Читаем Женщина в янтаре полностью

Ждали мы довольно долго. И хотя я знала, что нам грозит опасность и тоже волновалась, я сгорала от желания поехать на грузовике и увидеть незнакомые места. Может быть, нам удастся оказаться там, где нет солдат.

Наконец послышался далекий, еле различимый шум, и мы бросились в лес. По песчаной дороге ехал грузовик с выключенными фарами. Приблизившись, он затормозил, остановился, подал назад.

— Это он, — прошептала мама.

Шофер о чем-то вполголоса посовещался с мужчинами, и мы быстро забрались в кузов. Задний борт подняли, брезент опустили, и мы отправились в путь.

Сидя на деревянных скамейках в кузове машины, мы ни на минуту не теряли бдительности. Как только грузовик притормаживал, мы напряженно ждали, что вот-вот поднимется брезент и всех нас стащат вниз. Однажды шофер тихо переговаривался с какими-то людьми, но о чем они говорили, слышно не было. Через минуту мы тронулись.

Потом машина еще раз остановилась. Под чьими-то ногами проскрипел гравий, кто-то шел к заднему борту. Солдат приподнял брезент и осветил лицо каждого карманным фонариком. Что-то сказал по-русски, потом по-немецки. Все мы сидели не шевельнувшись, притворились глухими и немыми. После тихих переговоров и долгого молчания шофер забрался в машину и запустил мотор. «Виллис», в котором сидели двое с винтовками, следовал за нами пару миль, потом повернул обратно.
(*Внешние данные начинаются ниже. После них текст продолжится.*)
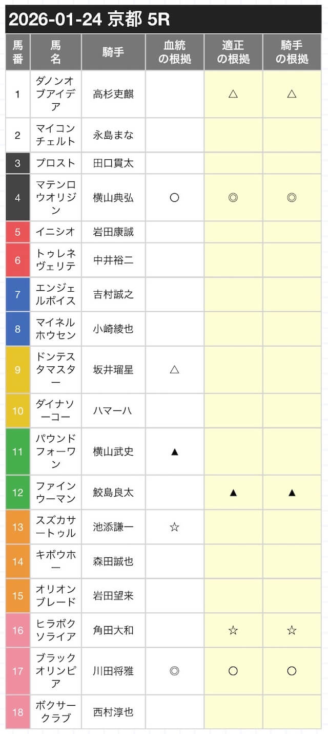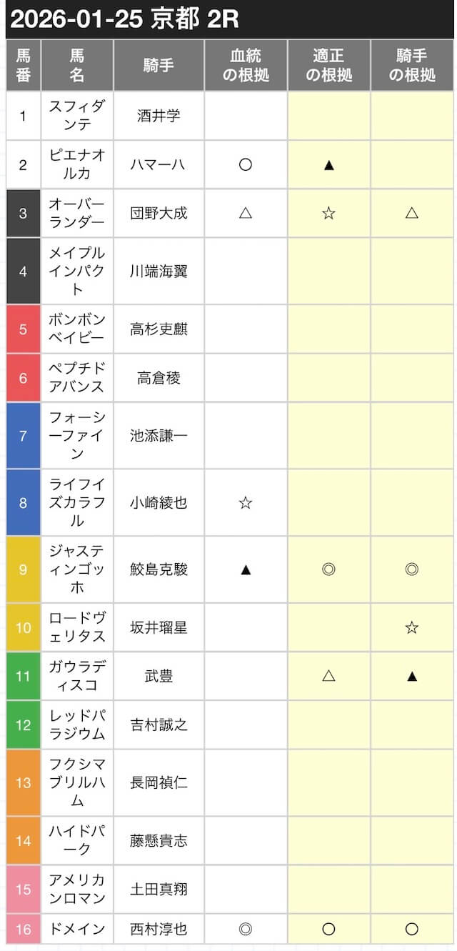 「血統・適性・騎手」の3つの根拠に基づき、各馬に予想印が付けられていました。

На рассвете мы добрались до Берлина. Шофер выпустил нас на какой-то пустынной улице, которая, как он считал, находилась недалеко от центра по приему беженцев. Ближе он нас подвозить не стал, так как опасался, что англичане станут его допрашивать, не хотел он и возвращаться за нами, если нас не примут. Что обещал, сделал, а больше рисковать не намерен. Мы остались одни.

Мы сели прямо на тротуар рядом со своими пожитками, а папа отправился искать центр. Вскоре он вернулся и сказал, что добраться до него не составит труда. Пока все шло гладко.

Но когда мы, завернув за угол, вышли наконец на нужную улицу, то увидели длинную очередь, которая тянулась на целый квартал. Закрытые ворота вдруг показались нам в долгих-долгих милях отсюда. Нас опередили сотни беженцев, многие ждали со вчерашнего дня, некоторые — даже с позавчерашнего. Разочарованные, мы направились в конец очереди. А потом еще сотни других встали за нами.

Слухи ходили разные. Принимают только эстонцев и венгров, латыши могут и не становиться. Принимают только тех, кто из своей страны выехал до определенной даты, кто выехал хоть на день позже или раньше, получит отказ. Надежда есть только у тех, кто с оккупированной англичанами территории, у остальных шансов никаких, англичане не собираются злить русских, принимая людей с их территории, то есть по закону — их подданных. Внутрь не впускают никого без паспорта и свидетельства о рождении. Эти слухи похоронили нашу последнюю надежду — все наши документы пропали.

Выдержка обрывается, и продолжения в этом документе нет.